I would say it is definitely a fun academic patch, now if it is
something for a production environment remains to be seen.
>
> > diff --git a/arch/x86/include/asm/spinlock_types.h b/arch/x86/include/asm/spinlock_types.h
> > index ad0ad07..cdaefdd 100644
> > --- a/arch/x86/include/asm/spinlock_types.h
> > +++ b/arch/x86/include/asm/spinlock_types.h
> > @@ -7,12 +7,18 @@
> >
> > #include<linux/types.h>
> >
> > -#if (CONFIG_NR_CPUS< 256)
> > +#if (CONFIG_NR_CPUS< 128)
> > typedef u8 __ticket_t;
> > typedef u16 __ticketpair_t;
> > -#else
> > +#define TICKET_T_CMP_GE(a, b) (UCHAR_MAX / 2>= (unsigned char)((a) - (b)))
> > +#elif (CONFIG_NR_CPUS< 32768)
> > typedef u16 __ticket_t;
> > typedef u32 __ticketpair_t;
> > +#define TICKET_T_CMP_GE(a, b) (USHRT_MAX / 2>= (unsigned short)((a) - (b)))
> > +#else
> > +typedef u32 __ticket_t;
> > +typedef u64 __ticketpair_t;
> > +#define TICKET_T_CMP_GE(a, b) (UINT_MAX / 2>= (unsigned int)((a) - (b)))
> > #endif
>
> It is theoretically possible that a large number of CPUs (says 64 or
> more with CONFIG_NR_CPUS < 128) can acquire a ticket from the lock
> before the check for TICKET_T_CMP_GE() in tkt_spin_pass().
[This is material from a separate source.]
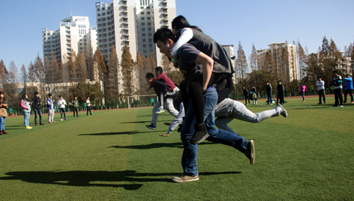 比赛的第一个项目是“美女与野兽”,由四名男生背着女生以接力竞速的方式进行比赛。此外另有“夹气球”、 “校园清洁工”、“前进的小方巾”、“撕铭牌”等各种精彩的比赛项目,呐喊声、欢笑声此起彼伏,赛场气氛非常活跃,最终,艺建系的第一小分队以绝对的优势取得了本届活动的冠军!

So the check
> will fail even when there is a large number of CPUs contending for the
> lock. The chance of this happening is, of course, extremely rare. This
> is not an error as the lock is still working as it should be without
> your change.
Can you explain this more. How can you acquire the ticket and update at
the same time? If a queue has been set, then you can't acquire the
ticket as the head has a 1 appended to it.
> >
> > +/*
> > + * TKT_Q_SWITCH is twice the number of CPUs that must be spinning on a
> > + * given ticket lock to motivate switching to spinning on a queue.
> > + * The reason that it is twice the number is because the bottom bit of
> > + * the ticket is reserved for the bit that indicates that a queue is
> > + * associated with the lock.
> > + */
> > +#define TKT_Q_SWITCH (16 * 2)
> > +
> > +/*
> > + * TKT_Q_NQUEUES is the number of queues to maintain. Large systems
> > + * might have multiple highly contended locks, so provide more queues for
> > + * systems with larger numbers of CPUs.
> > + */
> > +#define TKT_Q_NQUEUES (DIV_ROUND_UP(NR_CPUS + TKT_Q_SWITCH - 1, TKT_Q_SWITCH) * 2)
> > +
> > +/* The queues themselves. */
> > +struct tkt_q_head tkt_q_heads[TKT_Q_NQUEUES];
>
> I am a bit concern about the size of the head queue table itself. RHEL6,
> for example, had defined CONFIG_NR_CPUS to be 4096 which mean a table
> size of 256. Maybe it is better to dynamically allocate the table at
> init time depending on the actual number of CPUs in the system.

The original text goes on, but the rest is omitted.